X_train, X_test, y_train, y_test = train_test_split(X, y, test_size=0.2, random_state=101)

from sklearn.linear_model import RidgeCV

ridgecv_model = RidgeCV(alphas=(0.005, 0.00005, 0.001), scoring = 'neg_mean_absolute_error')

ridgecv_model.fit(X_train, y_train)

y_pred = ridgecv_model.predict(X_test)

# Metrics

from sklearn.metrics import r2_score, mean_absolute_error, mean_squared_error
residual= y_test-y_pred

mae = mean_absolute_error(y_test, y_pred)
mse = mean_squared_error(y_test, y_pred)
rmse = np.sqrt(mse)
r2 = r2_score(y_test, y_pred)
coef = ridgecv_model.coef_

print('Using Ridge Regression CV at an optimal alpha .005:\n\nthe MAE is:', mae, '\nthe RMSE is:', rmse, '\nthe R2 score is:', r2, '\nthe Coef is:', coef)

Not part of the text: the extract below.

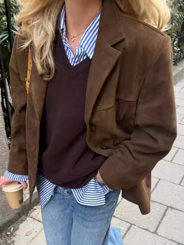 Chaqueta básica de colores sólidos estilo ropa de trabajo

Using Ridge Regression CV at an optimal alpha .005:

the MAE is: 5.507843305934233 
the RMSE is: 7.073327044109009 
the R2 score is: 0.563817550889042 
the Coef is: [-0.27137426 -0.00561047  1.41767531]

In [166]:

ridgecv_model.alpha_

Out[166]:

0.005

In [155]:

y_pred = ridgecv_model.predict(X_test)
residual= y_test - y_pred

sns.scatterplot(x=y_test,y= residual)
plt.axhline(y=0, color='red')

# The residual are heteroskedastic

Out[155]:

<matplotlib.lines.Line2D at 0x19532c32b80>

To Deploy¶

In [159]:

finalcv_model = RidgeCV(alphas=(0.005, 0.00005, 0.001), scoring = 'neg_mean_absolute_error')

finalcv_model.fit(X, y)

y_pred = finalcv_model.predict(X)

finalcv_model.coef_

Out[159]:

array([-0.25285576, -0.00537984,  1.29743961])

In [158]:

from joblib import dump, load

In [163]:

dump(finalcv_model, 'house_model.joblib')

Out[163]:

['house_model.joblib']

In [164]:

model = load('house_model.joblib')

In [165]:

model.coef_

Out[165]:

array([-0.25285576, -0.00537984,  1.29743961])

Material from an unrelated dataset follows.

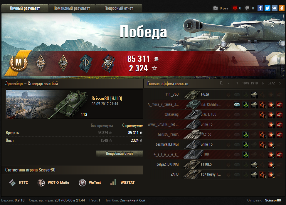Scissor80 Опубликовано: 6 мая, 2017 Игроки 23 377 публикаций 52 192 боя Жалоба Поделиться Опубликовано: 6 мая, 2017 06 Май 2017 - 23:42 пользователь LORD__LANCASTER сказал:Кто тут за 113-го меня агитировал ? Короч , буду качать Это игра, в Вашей жизни не произошло ничего страшного Ссылка на комментарий Поделиться на других сайтах Другие способы поделиться...

Conclusion with Model Caveats:¶

After evaluating different regression models, including Linear Regression and Ridge Regression with various alpha values, Ridge Regression CV with an optimal alpha of 0.005 was selected as the preferred model. This decision was based on its superior performance, as evidenced by the lowest Mean Absolute Error (MAE) among the tested models. However, it's important to acknowledge certain caveats associated with the model.

The model's ability to accurately predict house prices relies on the assumption that the selected features—house age, distance to convenience stores, and distance to the nearest MRT station—retain their significance in today's real estate context. Given the dynamic nature of the housing market, changes in economic conditions, urban development, and societal preferences may have altered the relevance of these features over time.

Furthermore, while the model identifies significant relationships between the chosen features and house prices, it's essential to recognize the potential existence of other unexplored variables that could exert a stronger influence on property values. These unaccounted-for factors may possess considerable predictive power and could significantly impact house prices in ways not captured by the model.

Continued monitoring of market trends and consideration of additional influential factors will be used as the market evolves.